◆ TASK TO COMPLETE ◆
Below are some records; output exactly the lines from the line with "Para freír los" to the line with "The table and stool made", both ends kept, and nothing more.

+++ GIVEN RECORDS

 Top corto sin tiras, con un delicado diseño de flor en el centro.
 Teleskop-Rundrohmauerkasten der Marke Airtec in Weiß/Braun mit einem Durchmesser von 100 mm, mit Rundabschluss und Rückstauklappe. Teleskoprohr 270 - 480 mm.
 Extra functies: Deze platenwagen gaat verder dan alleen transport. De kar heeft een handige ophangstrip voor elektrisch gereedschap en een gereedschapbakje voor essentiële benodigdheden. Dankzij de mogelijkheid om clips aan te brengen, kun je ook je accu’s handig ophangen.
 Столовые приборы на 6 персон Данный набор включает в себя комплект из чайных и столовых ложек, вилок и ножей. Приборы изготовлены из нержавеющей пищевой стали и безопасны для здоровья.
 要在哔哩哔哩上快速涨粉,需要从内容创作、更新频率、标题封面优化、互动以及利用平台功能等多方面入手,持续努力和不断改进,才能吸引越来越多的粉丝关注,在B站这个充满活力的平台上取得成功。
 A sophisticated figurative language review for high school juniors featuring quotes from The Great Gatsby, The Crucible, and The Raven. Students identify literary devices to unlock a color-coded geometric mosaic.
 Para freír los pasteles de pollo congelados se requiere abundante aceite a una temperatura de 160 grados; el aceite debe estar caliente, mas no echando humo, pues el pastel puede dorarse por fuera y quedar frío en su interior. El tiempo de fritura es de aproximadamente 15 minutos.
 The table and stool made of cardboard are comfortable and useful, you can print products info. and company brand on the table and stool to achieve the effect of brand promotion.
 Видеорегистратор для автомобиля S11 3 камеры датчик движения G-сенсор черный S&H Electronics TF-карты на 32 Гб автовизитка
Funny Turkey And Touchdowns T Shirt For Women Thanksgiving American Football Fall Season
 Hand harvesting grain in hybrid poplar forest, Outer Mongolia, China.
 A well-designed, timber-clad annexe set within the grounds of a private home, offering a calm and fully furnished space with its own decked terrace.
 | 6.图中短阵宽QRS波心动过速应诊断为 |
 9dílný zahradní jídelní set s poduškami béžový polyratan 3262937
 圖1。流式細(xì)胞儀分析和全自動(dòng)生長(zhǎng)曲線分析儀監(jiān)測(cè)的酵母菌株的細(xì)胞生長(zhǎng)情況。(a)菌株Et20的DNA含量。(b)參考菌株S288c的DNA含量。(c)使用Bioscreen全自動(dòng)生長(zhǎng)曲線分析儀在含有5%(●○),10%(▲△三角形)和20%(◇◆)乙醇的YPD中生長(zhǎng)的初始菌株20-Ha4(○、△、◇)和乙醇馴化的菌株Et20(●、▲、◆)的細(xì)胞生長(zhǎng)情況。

++++++

◆ RESULT OF THE EXERCISE ◆
 Para freír los pasteles de pollo congelados se requiere abundante aceite a una temperatura de 160 grados; el aceite debe estar caliente, mas no echando humo, pues el pastel puede dorarse por fuera y quedar frío en su interior. El tiempo de fritura es de aproximadamente 15 minutos.
 The table and stool made of cardboard are comfortable and useful, you can print products info. and company brand on the table and stool to achieve the effect of brand promotion.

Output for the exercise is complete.